Its pro-Israel to talk to Hamas

Oh yes it is.

Paul Woodward at War in Context makes an excellent point. Since the majority of Israeli citizens support the idea of talking to Hamas, how can it be 'anti-Israel' to do so? Is it not the US and Israeli governments, and any others (like the UK) supporting the vicious and brain-dead policy of isolating and ignoring the Palestinians' elected representatives, who are being 'anti-Israel'? When you oppose the will of the Israeli majority (let alone their interests) which Israel are you supporting?

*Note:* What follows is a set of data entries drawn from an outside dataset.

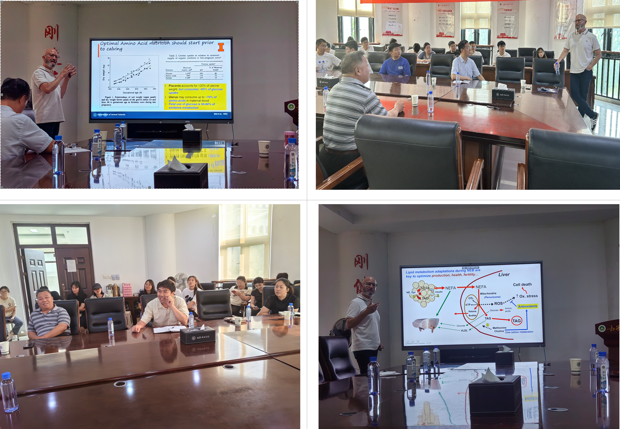 整个报告会过程中,Juan J. Loor教授用生动的语言、丰富的案例,从营养和管理方面讲述如何减少奶牛产犊带来的生理影响,报告内容丰富,持续近三小时,师生们意犹未尽,与会师生积极踊跃提问,与Juan J. Loor教授进行了深入的交流和互动,现场气氛热烈。
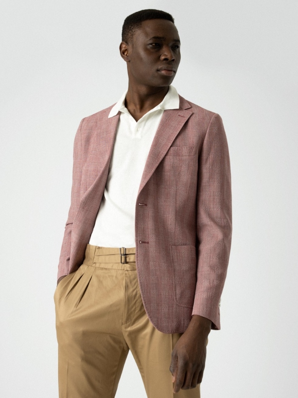 Solapa de muesca, bolsillos con solapa y cerillera, ribete en pecho, cierre mediante dos botones frontales. Dos aberturas en la espalda, puño de manga con cuatro botones montados, forro y bolsillos interiores.
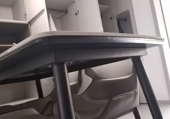 只是大家在选购岩板餐桌时,我们要避开没有“底托”的款式,这种餐桌表面看着没有什么,但随着时间推移,里面的缺点就显现出来了。
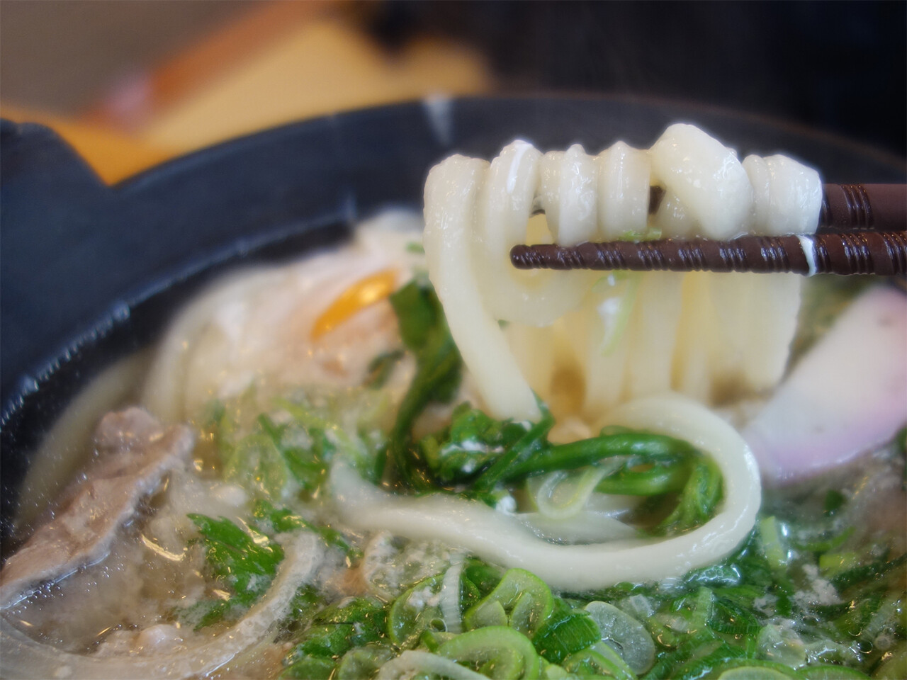 うどんは、博多うどんのようなヤワではなく、意外にカタ。
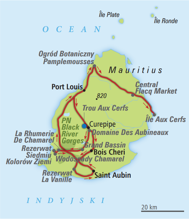Pusryčiai. Kelionė į PORT LUISĄ, Mauricijaus sostinę. Pasivaikščiojimas iki istorinės tvirtovės – Adelaidės forto, kuri iškilusi virš miesto. Laisvas laikas suvenyrinėms nuotraukoms. Kelionė į Šv. Liudviko katedrą, teatrą ir Valstybės rūmus, kurie anksčiau atliko tvirtovės funkciją, o šiandien yra oficiali prezidento rezidencija. Apsilankymas PAMPLIMUS BOTANIKOS SODE. Ši nuostabi vieta gali pasigirti nesuskaičiuojamu skaičiumi įvairių augalų rūšių, kurios buvo importuotos iš įvairių pasaulio kampelių prancūzų konsulo ir sodininko Pjero Puaro, kuris pradėjo dirbti su sodu XVIII a. pabaigoje, dėka. Šiuo metu jo plotas siekia keliasdešimt hektarų ir yra tikras rojus gamtos mylėtojams, taip pat puiki poilsio vieta. Apsilankymas SENTRAL FLAKO turguje, kuriame pardavėjai siūlo ne tik tropinius, sultingus vaisius, kurie traukia akį įvairiomis spalvomis, bet ir vietinius delikatesus, saldumynus ar drabužius. Verta paragauti ir cukranendrių sulčių. Grįžimas į viešbutį. Vakarienė. Nakvynė.
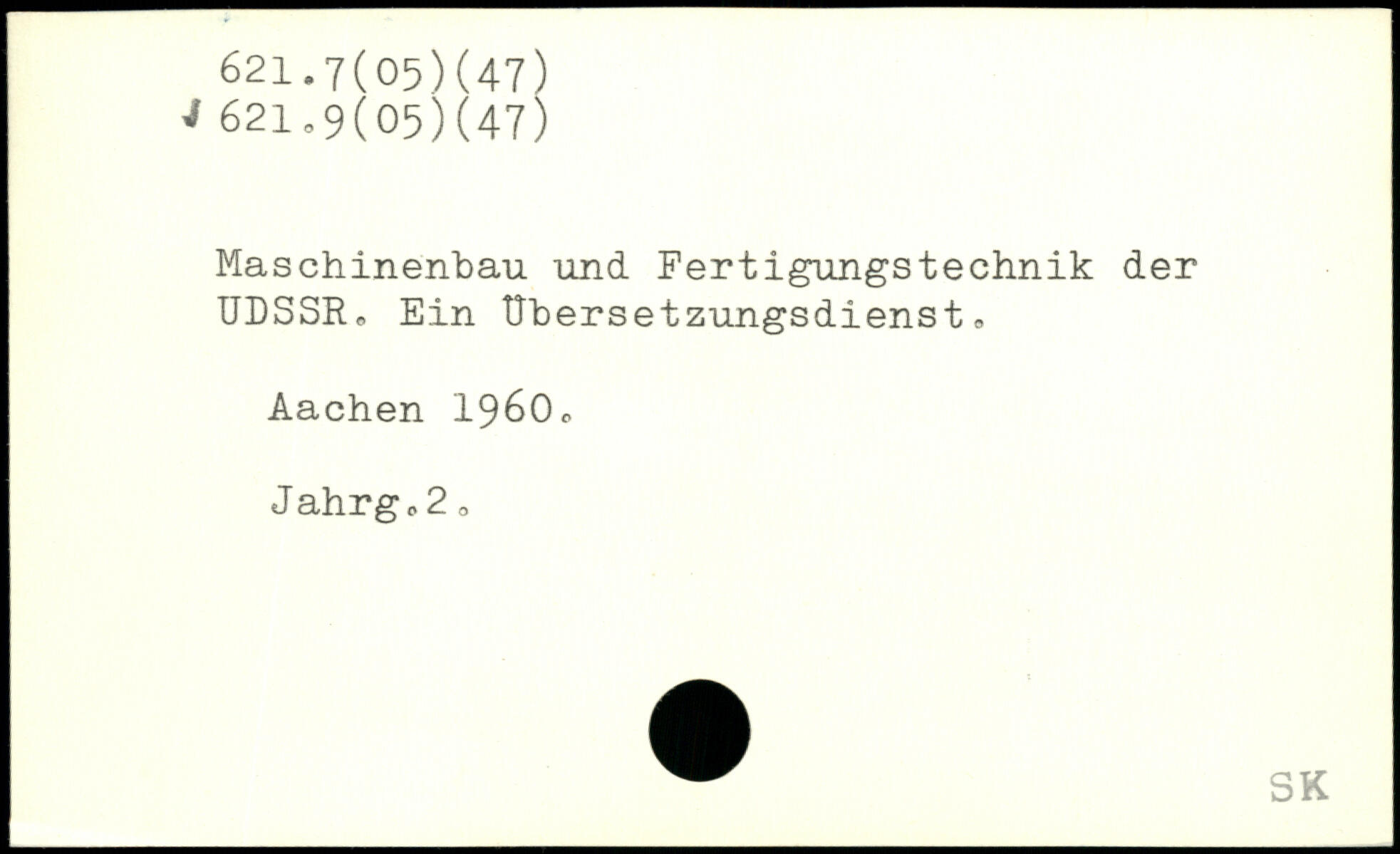 Maschinenbau und Fertigungstechnik der UDSSR, Ein übersetzungsdienst
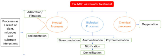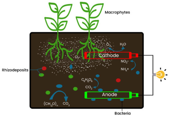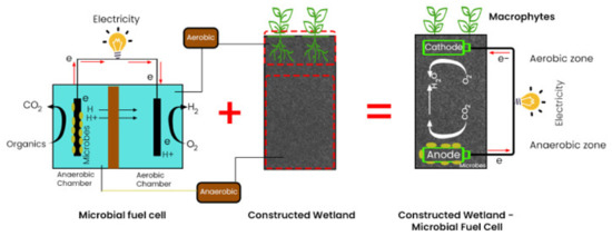 - Yadav, A.K.; Srivastava, P.; Kumar, N.; Abbassi, R.; Mishra, B.K. Constructed Wetland-Microbial Fuel Cell: An Emerging Integrated Technology for Potential Industrial Wastewater Treatment and Bio-Electricity Generation. Constr. Wetl. Ind. Wastewater Treat. 2018, 493–510. [Google Scholar] [CrossRef]
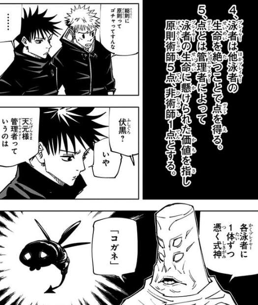 獄門疆に封印された五条を開放するには、死滅回游に参加しているプレイヤー来栖華の術式が必要だと知らされます。来栖華の術式は、あらゆる術式を消滅させる術式で、東京の東側のコロニーにいると天元から聞かされます。死滅回游のルールを一通り確認した虎杖達は、それぞれの役割に沿って行動を開始します。

Ex US President Jimmy Carter has made the impeccably 'pro-Israel' decision to meet with Hamas leader Khaled Meshal next week. Its a move that's to be applauded. Only dialogue is going to end the conflict. Israel and its supporters should know by now that the Palestinians can not be beaten with violence, starvation or any other blunt instrument. 60 years after the Deir Yassin massacre - the defining moment of the campaign of ethinic cleansing that brought Israel into existence - the Palestinians are still there, stubbornly insisting on their humanity in the face of all attempts to erase them. If not for the sake of basic morality then at least for the sake of cold-blooded imperial pragmatism, its time for the US and its client to face reality, talk to the Palestinians' respresentatives, and bring this squalid episode of history to a sensible conclusion.